_Action item:_
Starting at the line containing "Naklejka na mikser" and ending at the line containing "2、进入关卡操作界面后,借助", transcribe the listing below exactly. Keep both end lines, skip the pictures, and copy nothing else.

_Records supplied:_
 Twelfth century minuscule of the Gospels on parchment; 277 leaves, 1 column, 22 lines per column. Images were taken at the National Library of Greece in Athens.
--
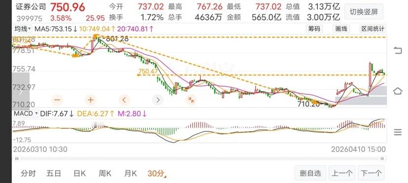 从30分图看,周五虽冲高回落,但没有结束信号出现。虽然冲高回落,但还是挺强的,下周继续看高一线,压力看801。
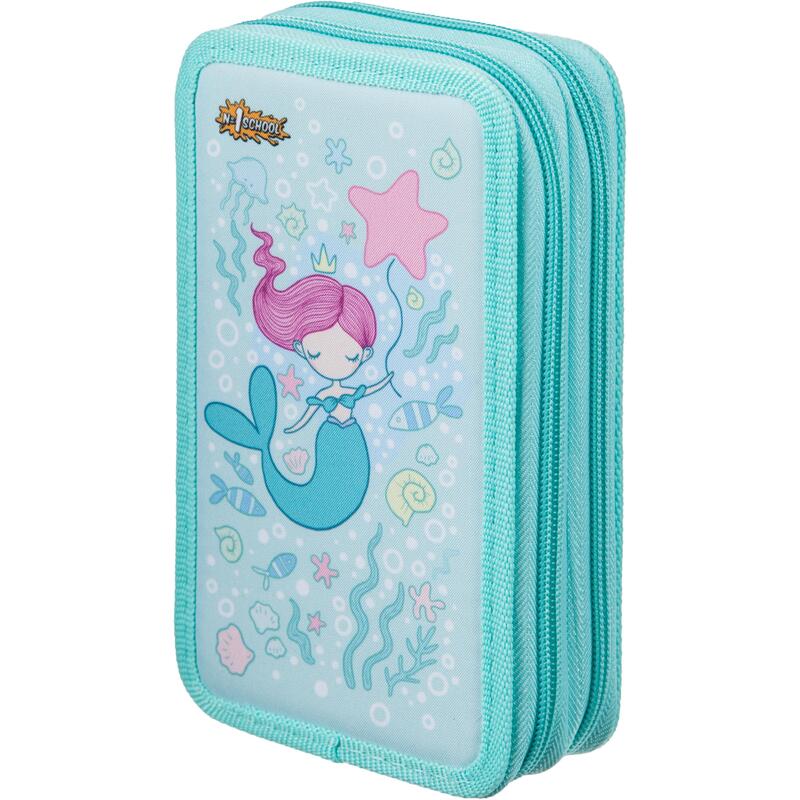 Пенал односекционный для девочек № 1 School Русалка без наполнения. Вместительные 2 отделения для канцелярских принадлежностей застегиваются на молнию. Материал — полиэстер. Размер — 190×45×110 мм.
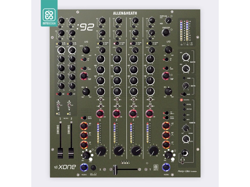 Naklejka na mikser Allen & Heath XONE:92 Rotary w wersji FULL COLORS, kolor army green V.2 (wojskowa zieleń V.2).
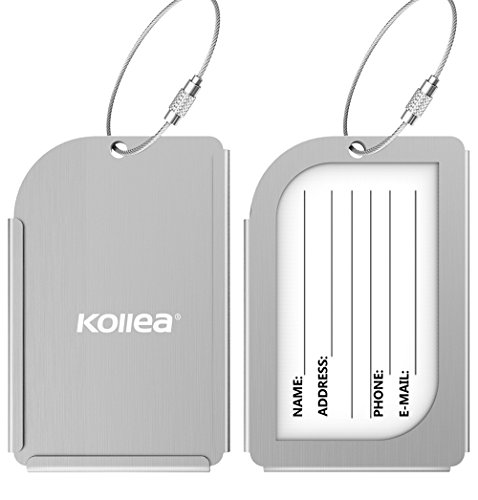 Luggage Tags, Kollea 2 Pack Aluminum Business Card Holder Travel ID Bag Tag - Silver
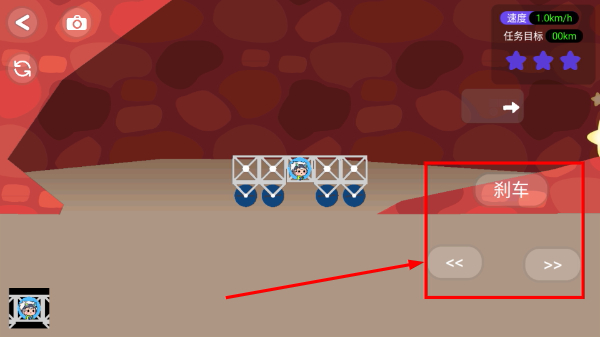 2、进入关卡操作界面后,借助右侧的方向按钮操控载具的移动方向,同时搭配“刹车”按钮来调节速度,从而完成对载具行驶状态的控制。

_Answer space:_
 Naklejka na mikser Allen & Heath XONE:92 Rotary w wersji FULL COLORS, kolor army green V.2 (wojskowa zieleń V.2).
 Luggage Tags, Kollea 2 Pack Aluminum Business Card Holder Travel ID Bag Tag - Silver
 2、进入关卡操作界面后,借助右侧的方向按钮操控载具的移动方向,同时搭配“刹车”按钮来调节速度,从而完成对载具行驶状态的控制。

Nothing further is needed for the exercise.